A declaração ocorre depois de o PP ser preterido por Jair Bolsonaro. O Progressistas deseja lançar o senador Esperidião Amin (PP-SC) a reeleição em Santa Catarina e contava com o apoio do PL - o que não ocorreu.

O ex-presidente deu preferência a Carlos Bolsonaro. Ocorre que o filho de Bolsonaro sofre resistência do eleitorado catarinense porque ocuparia a vaga reservada a deputada Carol de Toni (PL-SC). Bolsonaro resolveu indicar os dois e rifar Amin.

A opção do ex-presidente foi confirmada hoje. O deputado Sanderson (PL-RS) visitou Bolsonaro na Papudinha e confirmou a chapa. "Os candidatos ao Senado, sob a orientação de Jair Bolsonaro, em Santa Catarina chamam-se Carlos Bolsonaro e Carol de Toni. Isso é ponto pacífico".

A situação faz o PP olhar para João Rodrigues, candidato do PSD ao governo de SC. Ele é prefeito de Chapecó, associado a pauta conservadora antes mesmo de o bolsonarismo existir e vai enfrentar o governador Jorginho Mello (PL), que tenta reeleição.

O coordenador da federação PP e União Brasil em SC também quer o partido com João Rodrigues. O deputado Fabio Schiochet (União-SC) declarou ao UOL que o PL está empurrando o Progressistas para o campo adversário. "Se esta for a vontade do governador [Jorginho Mello], nosso caminho será de João Rodrigues".

Ciro Nogueira disse que caberá a Amin orientar a decisão do PP. O senador catarinense mantém a intenção de concorrer a mais um mandato e tem defendido uma consulta às bases.

Mas a opção por Carlos em SC tem consequências nacionais. Pré-candidato a presidente, o senador Flávio Bolsonaro (PL-RJ) tenta atrair a federação Progressistas e União Brasil para sua coligação.

O presidente do PL, Valdemar Costa Neto, reconhece que rifar Amin atrapalha as negociações.

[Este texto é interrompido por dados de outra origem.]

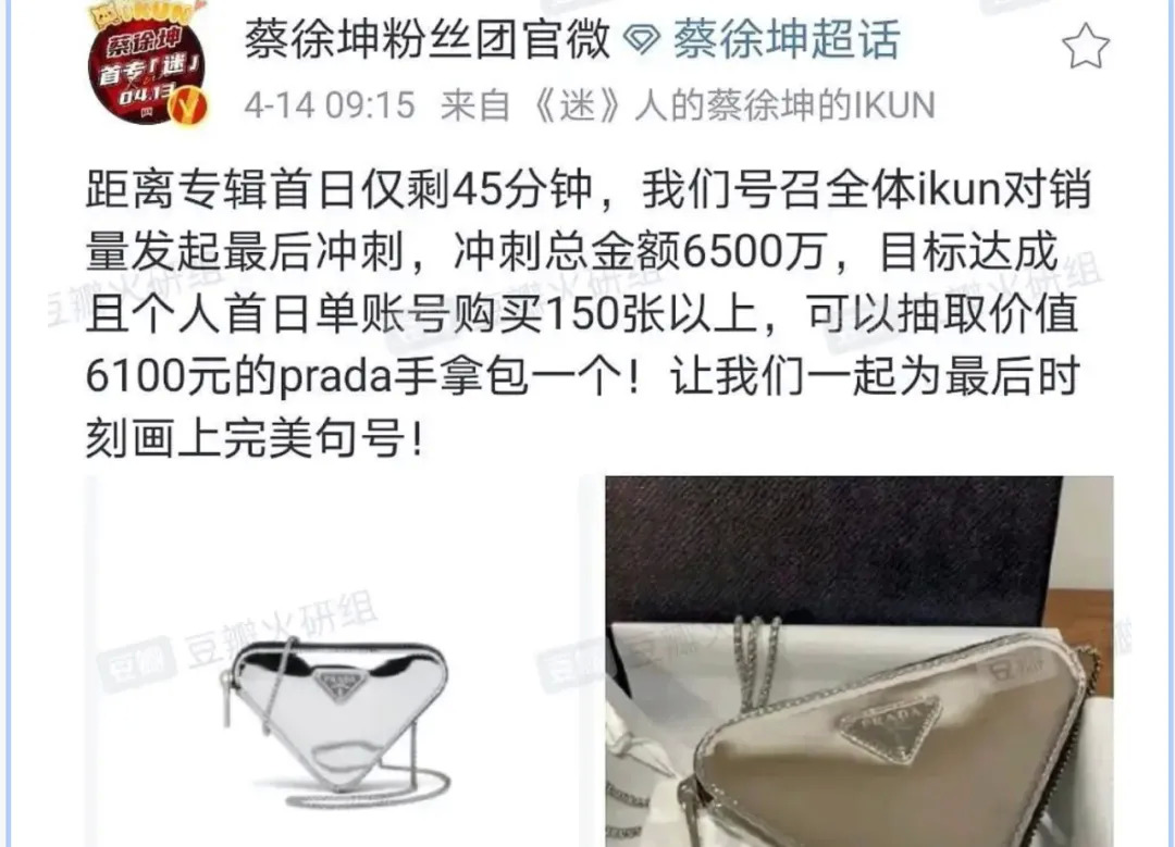 到了14日,蔡徐坤粉丝团官博更是下血本,为冲刺新专总销售额6500万,策划了“个人单账号购买150张以上,有机会抽取价值6100元prada手拿包一个”的活动,随后,被激发斗志的粉丝们开始了又一波花式筹钱。

Ele confirma o acordo estabelecendo que no Senado "quem manda é o Bolsonaro". Mas admite desdobramentos negativos para aliança nacional com o PP.

Ciro Nogueira espera que Flávio ajude a resolver a situação. O presidente do PP considerava Tarcísio de Freitas (Republicanos) o melhor nome para tentar à presidência. O clã Bolsonaro preferiu outro caminho, levando o Progressistas a desistir de fazer concessões como abrir mão de um candidato em nome de um filho do ex-presidente.

Carol de Toni se fortaleceu. Ela aparece em primeiro nas pesquisas ao Senado e ameaça deixar o PL se não houver garantia pública de que será candidata.